Like last week’s THE FAST BUCK, James Atlee Phillips’s novel SUITABLE FOR FRAMING concerns treasures looted during World War II. That’s where the similarities end, though. In SUITABLE FOR FRAMING, the things everybody is after are fabulously valuable paintings, rather than jewels. And SUITABLE FOR FRAMING is much better written than THE FAST BUCK.
The narrator in this novel is Jesse Barker, a journalist who gets finagled into joining a scheme to smuggle some paintings out of France following World War II and sell them to a Mexican general Barker happens to know. Most of the book takes place in the Mexican mountain town of Hidalgo, and Phillips paints a very vivid picture of this setting. As anybody who has read very much in this field will expect, the plot falls apart and becomes a maze of double-crosses, and of course there’s a beautiful woman involved, and Barker gets hit on the head and knocked out several times. Plus you get a colorfully eccentric (and really evil) villain, Mexican wrestlers, spooky scenes set in graveyards, and a considerable amount of action.
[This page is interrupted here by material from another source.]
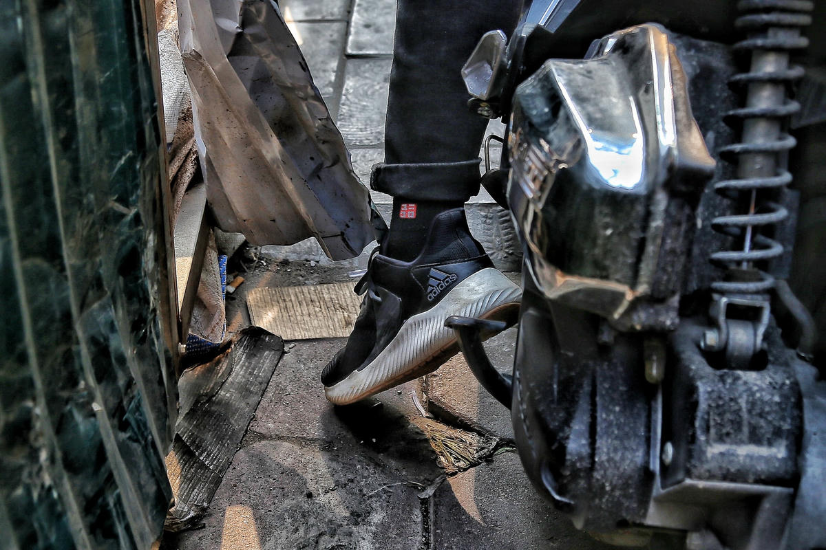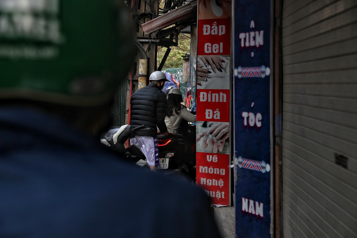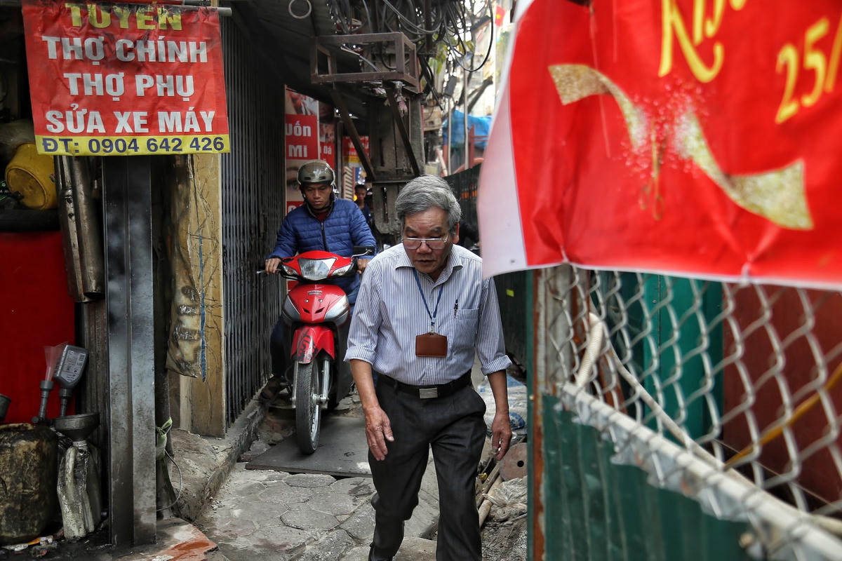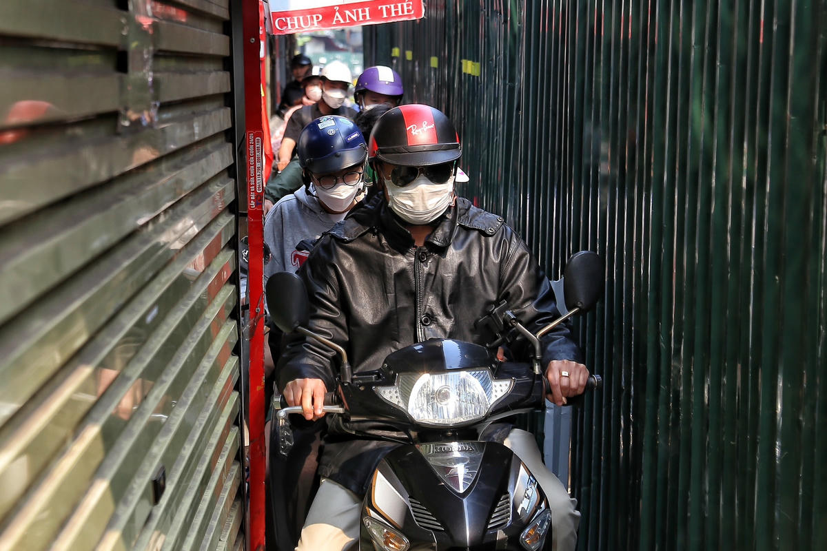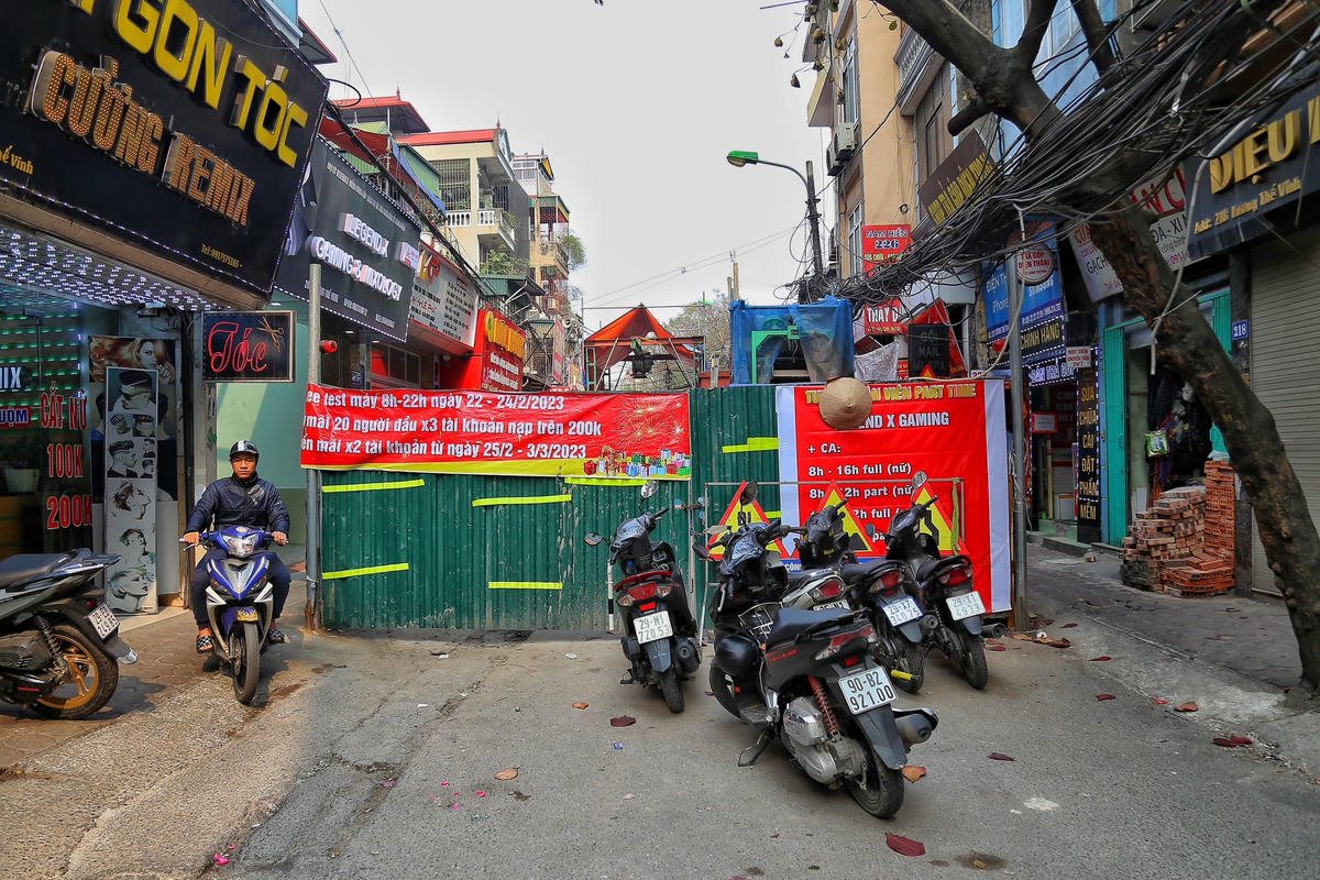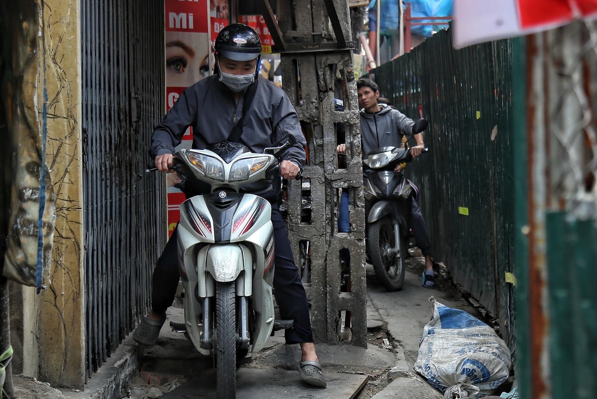 [ẢNH] Quây tôn chiếm hết lòng đường, người dân chật vật đi trên vỉa hè

I’ve always liked Phillips’ novels about espionage agent Joe Gall, which he wrote under the name Philip Atlee, although the plots in them sometimes get so complicated that I can’t keep up with them. I also really like his early novel PAGODA, which introduces Joe Gall when Gall was still a pilot, rather than a spy. SUITABLE FOR FRAMING is a little lighter weight than those books but shares many of their virtues: crisp prose, good descriptions, and hardboiled action. One thing that annoyed me was Phillips’ habit of paraphrasing what his characters are saying, rather than just quoting the dialogue, but I sort of got used to that technique after a while. As a rule, though, I don’t like that. I liked the book overall, though, and I think if you’ve read and enjoyed Phillips’ other novels, you’ll enjoy this one, too. It would be a natural for Hard Case Crime to reprint. It reminded me quite a bit of David Dodge’s PLUNDER OF THE SUN.